Lavoro, casa, figli, una triade che ha sovraccaricato le madri lavoratrici durante il lockdown, fino a pericolosi accumuli di stress o alla perdita del lavoro. Con un incremento vertiginoso delle violenze domestiche, più difficili da evitare, obbligati in casa

È marzo, il mese in cui cominciamo a sentirci rinnovati grazie ai primi segnali della primavera. Quella Primavera che il fiorentino Sandro Botticelli, alla fine del XV secolo, rappresentò con il regno di Venere secondo l’iconografia neoplatonica di Marsilio Ficino: un mondo femminile (pur se animato da Mercurio, Zefiro, Cupido) che pare idilliaco, ma che idilliaco non è mai stato. Proprio in questo mese, e quasi ovunque l’8 marzo, si celebra la Giornata Internazionale della Donna, adottata dai paesi europei nel 1911 (gli Stati Uniti fecero da apripista il 28 febbraio 1909) perché le donne potessero far sentire la propria voce, grazie a una proposta della  socialista tedesca Clara Zetkin durante la seconda Conferenza Internazionale delle Donne Socialiste tenutasi a Copenaghen nel 1910. Centoundici anni dopo questa giornata rinnova, invece che un idillio, la necessità per le donne di gridare a una parità di genere lontana. Con discriminazioni, violenze verbali e psicologiche, ma anche brutalmente fisiche, sin troppo vicine. Una situazione che la pandemia Covid-19 ha decisamente peggiorato, facendo battezzare questa nuova crisi she-cession (unendo il pronome she, lei in inglese, a quello di recession, recessione), in direzione opposta alla crisi del 2008 in cui si parlò di he-cession (he, lui in inglese).
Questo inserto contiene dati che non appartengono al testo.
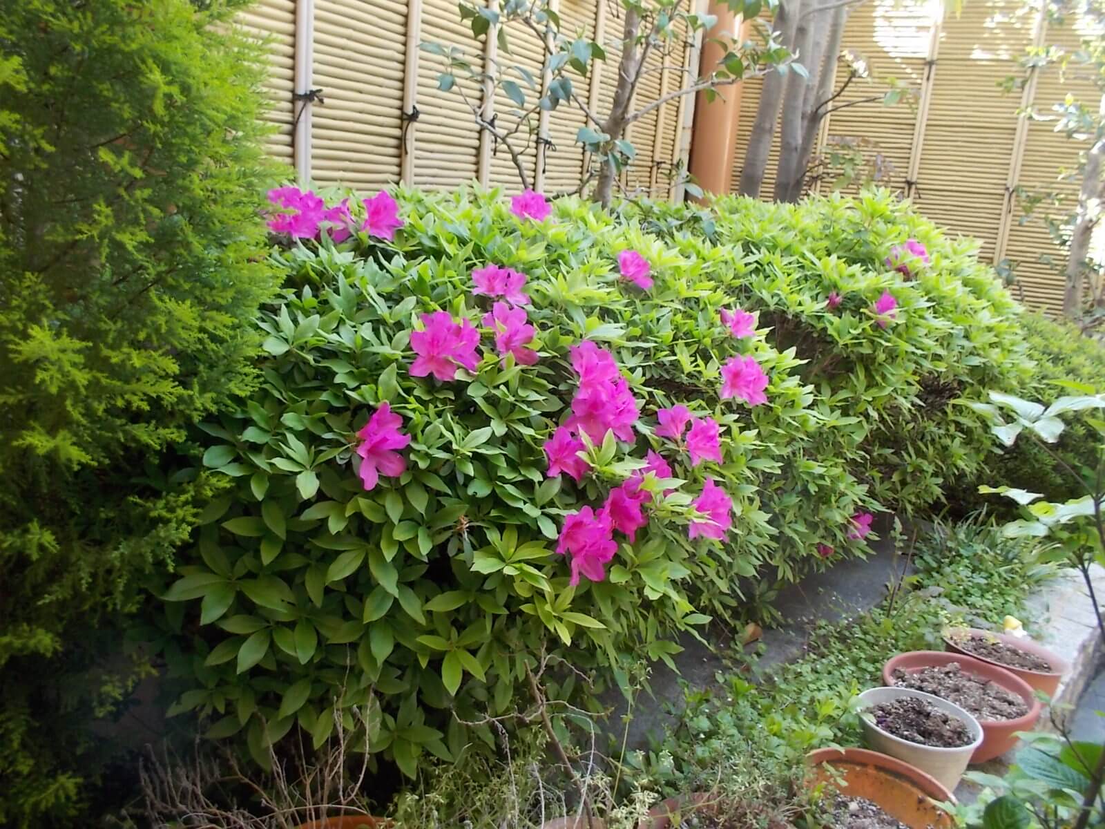ピノスの玄関横やジャグジーにツツジが咲いてきました。

Una retrocessione mondiale. Secondo Anita Bathia, vicedirettrice esecutiva di Un Women, l’agenzia delle Nazioni Unite che si occupa di empowerment femminile, la pandemia di Covid-19 “potrebbe spazzare via 25 anni di passi avanti nel campo dell’uguaglianza di genere”. A causa dell’impatto della crisi sanitaria, infatti, le ore che le donne dedicano alle faccende domestiche e all’assistenza familiare (dati già alti prima del coronavirus) stanno significativamente aumentando, con un “rischio reale di tornare agli stereotipi di genere degli anni ’50”, ha sottolineato Bathia alla BBC. Le chiusure a singhiozzo di asili e scuole hanno sovraccaricato le donne con figli, costrette a conciliare lavoro e istruzione, cura della casa, assistenza di genitori anziani, peggiorando quel lavoro extra e non retribuito che, anche al di là della situazione pandemica, va spesso a colmare la mancanza di servizi e welfare sociale, e di rado è riconosciuto come lavoro dalla società. Altro campanello di allarme segnalato dalla vicedirettrice di Un Women è che per via di questo carico aggiuntivo “molte donne in realtà non stanno tornando a lavorare” dopo i primi lockdown nazionali a livello globale. Solo nel mese di settembre 2020, “negli Stati Uniti, circa 865mila donne hanno abbandonato la forza lavoro rispetto a 200mila uomini”, racconta.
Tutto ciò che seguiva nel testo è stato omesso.